Merge OCR text to original PDF

simon.fairey · February 21, 2020, 12:43am

Hi

We have some scanned PDFs and we have them OCR’d by a separate process, this returns us the words and bounding box positions for the recognised text.

Is there a way to merge this data into the text layer for each page of the original PDF?

Thanks

Simon

asad.ali · February 21, 2020, 10:53am

@simon.fairey

Thanks for contacting support.

The Aspose.PDF provides a way to create searchable PDFs using external OCR utilities. Following the C# code to achieve it:

public static string ConvertPDFToSearchable(string file)
{
Aspose.Pdf.Document doc = new Aspose.Pdf.Document(file);
doc.Convert(CallBackGetHocr);
doc.Save(file + “-Version4.pdf”);
return file + “-Version4.pdf”;
}
static string CallBackGetHocr(System.Drawing.Image img)
{
		string dir = @"C:\Temp\";
		img.Save(dir + "ocrtest.jpg");
		ProcessStartInfo info = new ProcessStartInfo(@"C:\Program Files\Tesseract-OCR\tesseract.exe");
		info.WorkingDirectory = @"C:\Program Files\Tesseract-OCR";
		info.WindowStyle = ProcessWindowStyle.Hidden;
		info.Arguments = @"C:\Temp\ocrtest.jpg C:\Temp\out hocr";
		Process p = new Process();
		p.StartInfo = info;
		p.Start();
		p.WaitForExit();
		StreamReader streamReader = new StreamReader(@"C:\Temp\out.txt");
		string text = streamReader.ReadToEnd();
		streamReader.Close();
		return text;
	}

For your particular case, would you kindly share sample PDF along with extracted text file. We will test the scenario in our environment and address it accordingly.

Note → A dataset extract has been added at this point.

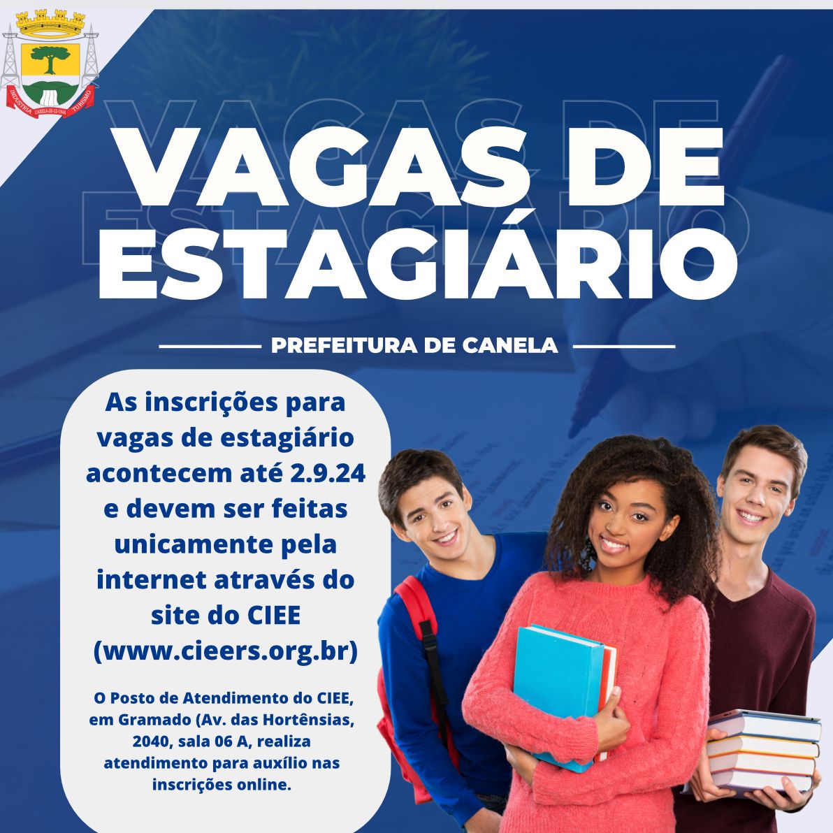 A Prefeitura de Canela está com inscrições para a seleção pública de estagiários. Os estudantes de nível médio, técnico e superior, com idade mínima de 16 anos, podem se inscrever no processo seletivo, que ocorre até 2 de setembro.

simon.fairey · February 21, 2020, 4:08pm

This seems Tesseract specific, the output I have is from Azure Cognitive Service in json format how should I generate the output to work with the above example.

Thanks

asad.ali · February 21, 2020, 8:47pm

@simon.fairey

Regretfully your requirement could not be fulfilled with current feature set of the API. However, we surely intend to investigate the feasibility in details which is why we may require sample PDF along with extracted text file from your side. This would help us investigating the feasibility accordingly.

simon.fairey · February 24, 2020, 5:11pm

Ah I didn’t realise HOCR was a format so in theory I just need to convert what I have to HOCR.

Thanks